Well, if you would have $n|x^2-2$, then putting $y = \frac{x^2-2}{2}$ gives us a legitimate solution. So we only need to be worried about solutions to that divisibility.
You can easily see, that if $x$ is a solution, then $n-x$ and $n+x$ are also solutions. That yields your observation with summing up to $n$.
Now we will focus on the set $S$ of such $n$, that some solution exists.
If $k$ and $l$ are coprime numbers in $S$, then using Chinese Remainder Theorem we can find solution for $kl$. Moreover, the number of solutions for $kl$ will be equal to the product of these numbers for $k$ and $l$. We also see quite obviously that if $n \in S$, then all divisors of $n$ are in $S$.

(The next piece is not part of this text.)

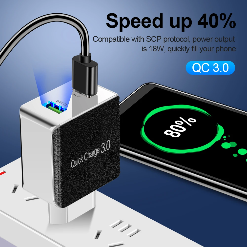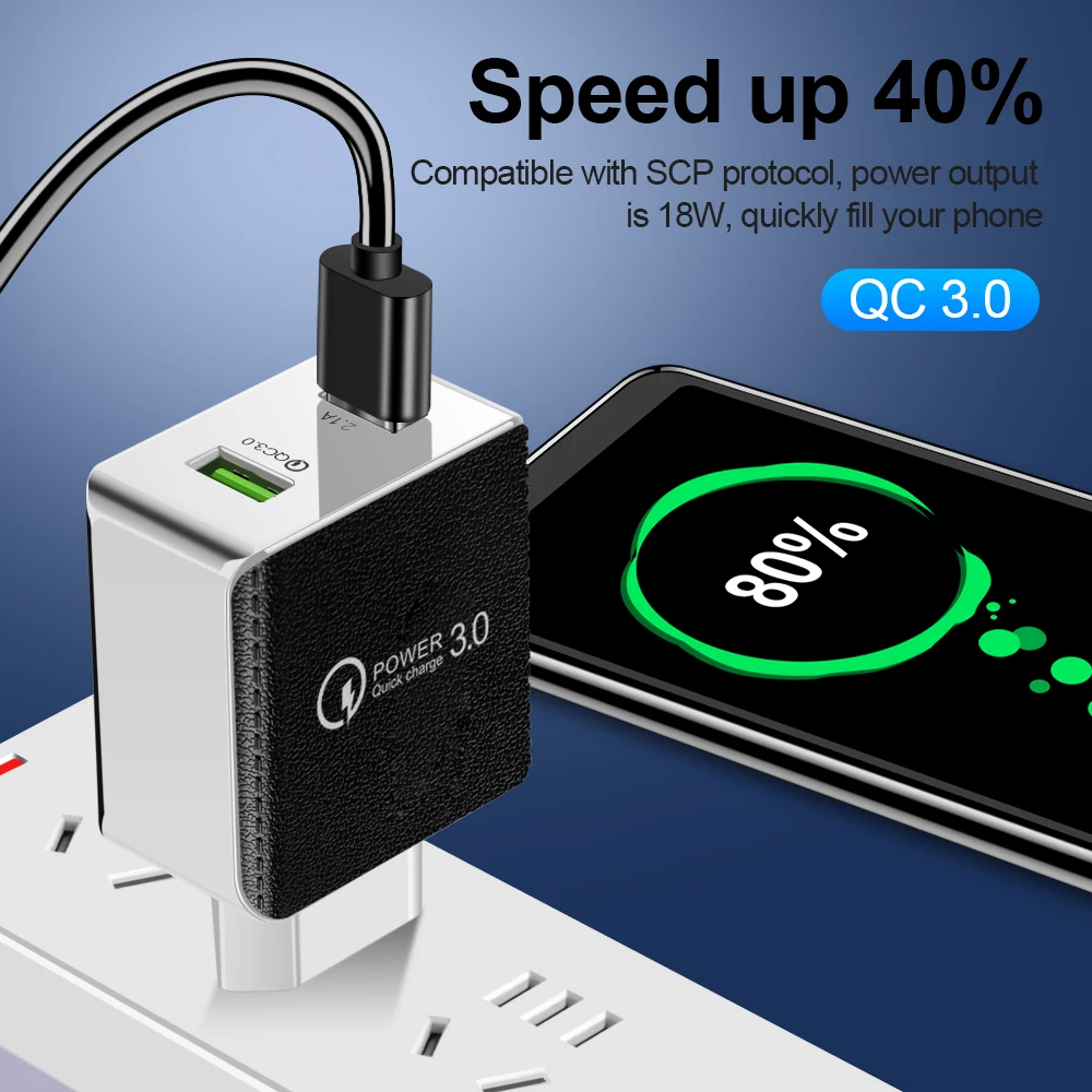 Настенное зарядное USB-устройство для телефона, 18 Вт, QC3.0, быстрая зарядка, вилка стандарта ЕС и США для Samsung S9, Xiaomi Mi Mix 3, быстрая зарядка для Huawei
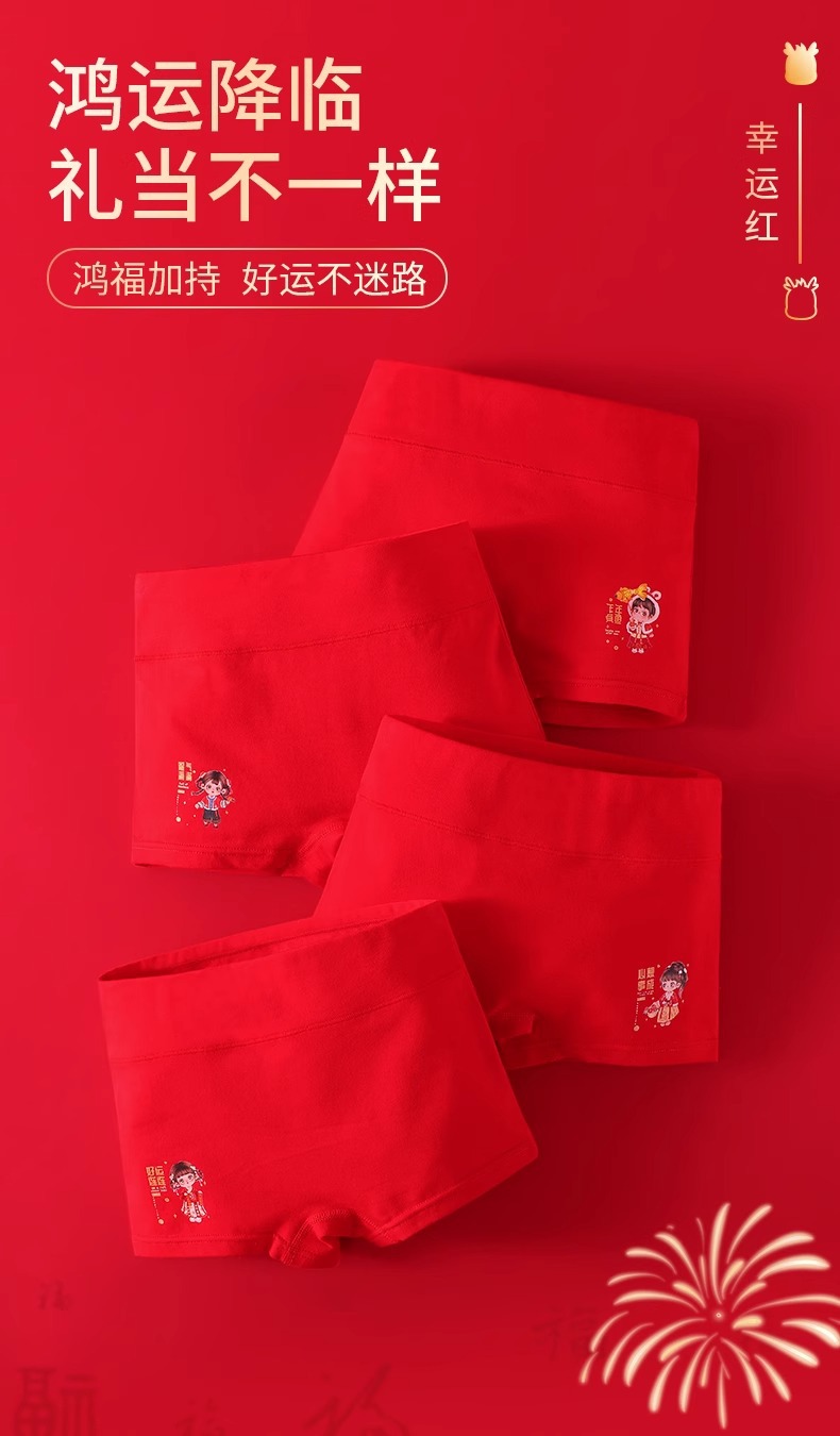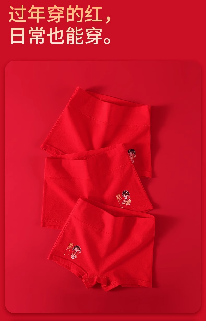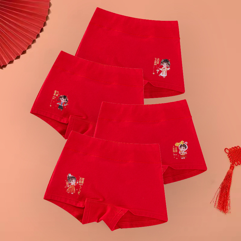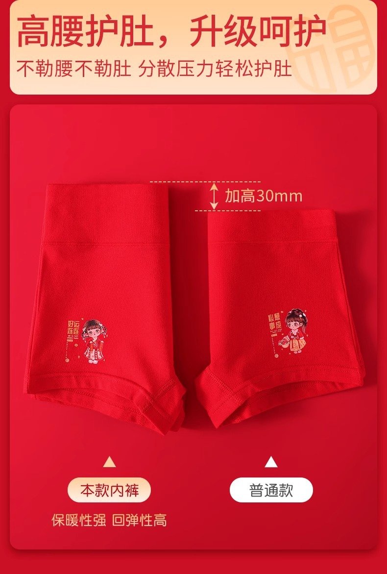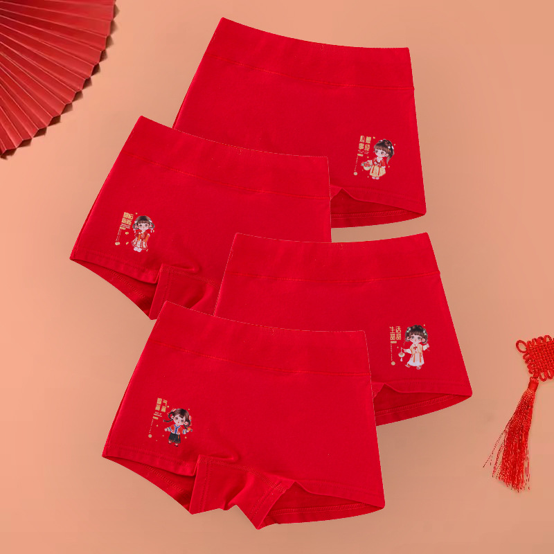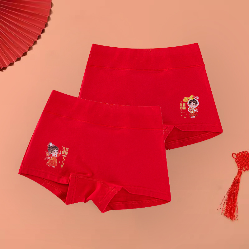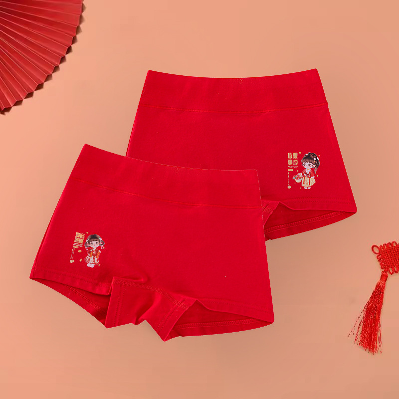 아동 속옷 A형 여아의 탄생년 레드 하이웨이스트 코튼 슈트 여아용 플랫앵글 사각팬티

From these two facts, we only need to be worried about $n$ equal to prime powers. It is not very easy to prove that $n=p^k$ works iff $n=2$ or $p \equiv 1,7 \pmod 8$, but you should be able to find proof of this fact in any materials about quadratic residues (here, for example, $2$ is a quadratic residue mod $n$, since $x^2 \equiv 2 \pmod n$).
So, solutions exist for $n$ iff all of its prime divisors are $2$ or primes $\equiv 1$ or $7 \pmod 8$, where $2$ can show up only once (so $n$ can't be divisible by $4$, but it can be even). Number of these solutions (or, to be exact, number of different families of sulutions modulo $n$) is equal to $2^k$, where $k$ is number of distinct odd prime divisors of $n$.
Best Answer
Noting that the coefficient of the middle term is the sum of the other coefficients, so there is a factor $x+y$, we find the factorisation $y=(x+y)(3x+4y)$
Set $x+y=X$ and we have $y=X(3X+y)$ and $y=\cfrac {3X^2}{1-X}$
($X=1$ is easily eliminated, so we are not dividing by zero)
Now $X$ and $1-X$ can have no [non-trivial] factor in common, so $1-X$ must be a factor of $3$ hence $(1-X)\in \{-3, -1, 1, 3\}$
Clearly each of these possibilities does provide a solution, since the steps are reversible.